Segment Start: Raw data

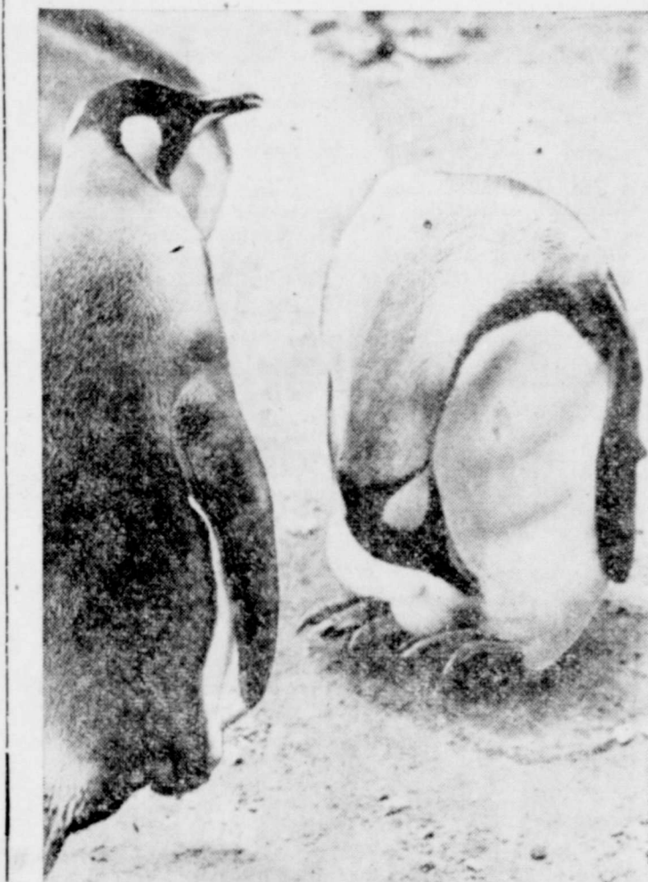
MAKING TURNS—Mary and Tubby, King penguins at the London, England, Zoo, are taking turns in hatching the egg they created. Right now papa is taking his turn sitting on the future heir, anxiously tucking it in a little more. Mama stands nervously by, for baby will be the first penguin hatched in London.

A plane from Abilene will fly over Cisco sometime Saturday and drop pamphlets advertising the air show scheduled in that city for Sunday, Sept. 18. Officials of the show wrote for permission to drop the advertising and the request was granted by Mayor Rosenthal.
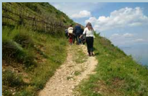
Training Participants visiting the castle of Pogradec
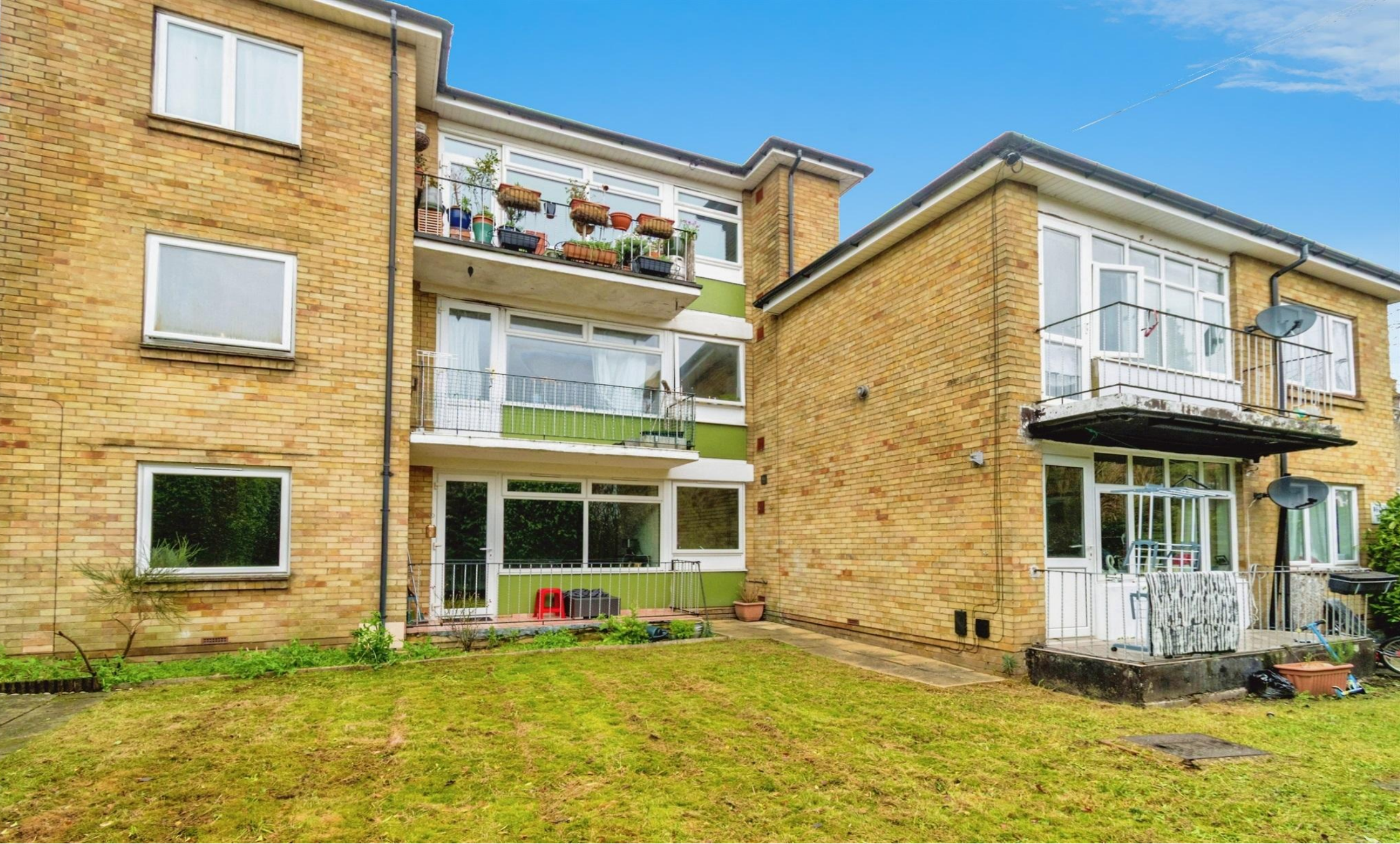
Belmont Court, Belmont Road, Southampton SO17 2UB

Segment End: Raw data

Please return only the lines from the one holding "Training Participants visiting" through the end of the data, both ends included; do not copy any pictures.

Training Participants visiting the castle of Pogradec
Belmont Court, Belmont Road, Southampton SO17 2UB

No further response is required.